Real Estate Note Auction Guide

Private Equity Appeals to Some Private Banks Seeking New Opportunities ... Increasing allocation to private equity the key?

Private Banks See Opportunity In Private Equity

July 06, 2010 | by Dow Jones Reporter

(Dow Jones) With optimism slowly returning to the private equity business, some private banks see opportunity.

The credit crisis of 2008 hit private equity hard, making it difficult to borrow for new leveraged deals or cash out of old ones through moves like an initial public offering. Lately, improved credit and equity markets have solved some of those problems, but many traditional private equity investors, such as endowments and pension funds, remain wary of boosting their holdings.
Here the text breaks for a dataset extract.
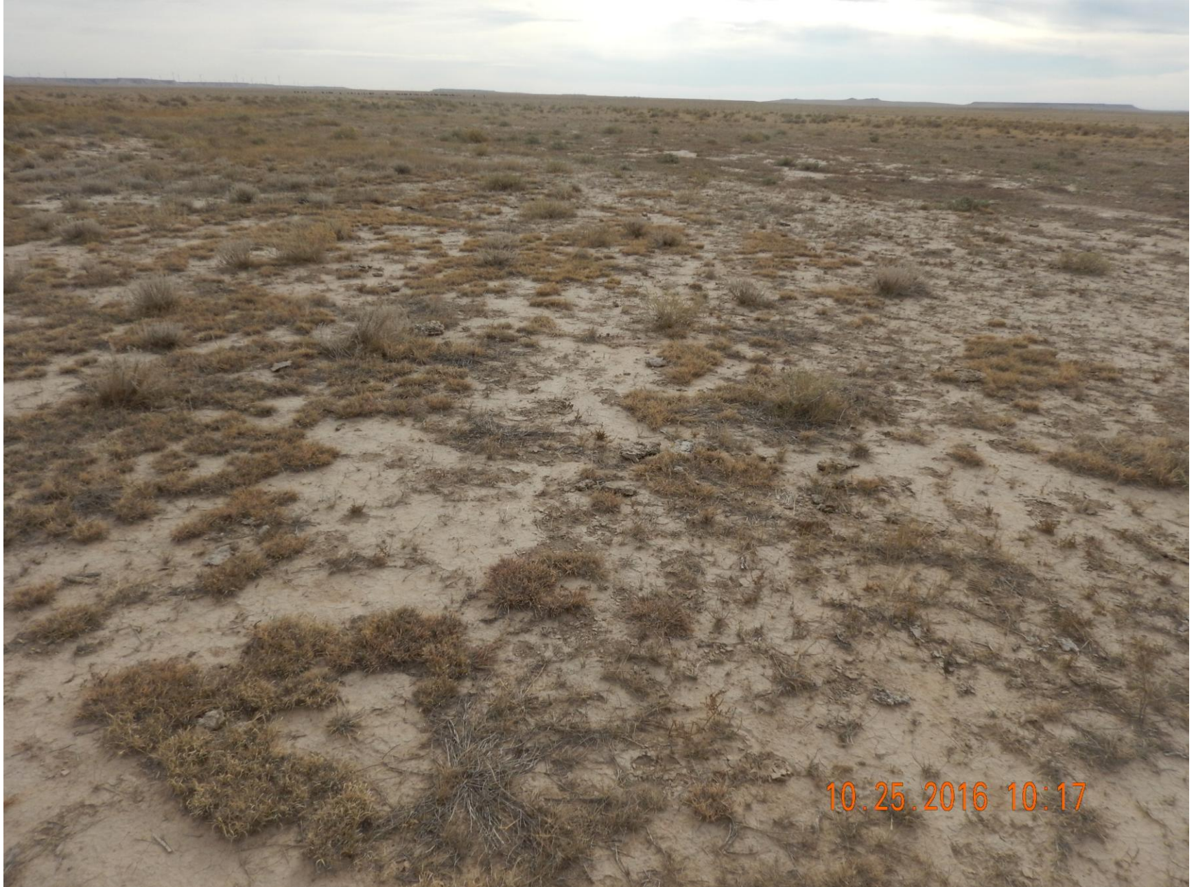
Figure 9: Photo taken from the northwest corner of the location, facing east. Photo shows vegetation over the reclamation area. Note large portions of the location remains unvegetated.

That's provided an opening for wealthy individuals, say private banks.

"We're increasing our allocation to private equity," says Guy Dietrich, the head of UBS AG's New York private wealth management office. "It's a tactical decision."

Among the areas he sees attractive deals: distressed debt, distressed real estate, and the secondary market, where new investors can take over others' stakes in existing private equity funds, sometimes shortening the deals' long commitment periods.

There's a historical case for private equity, which fared well in the years following the last recession.

"One of the best times to buy private equity was 2002 or 2003; valuations were attractive," says David Frame, head of alternative investments at JPMorgan Chase & Co.'s private bank. "It's hard to know if that's the kind of market we're in now, but private equity firms are optimistic."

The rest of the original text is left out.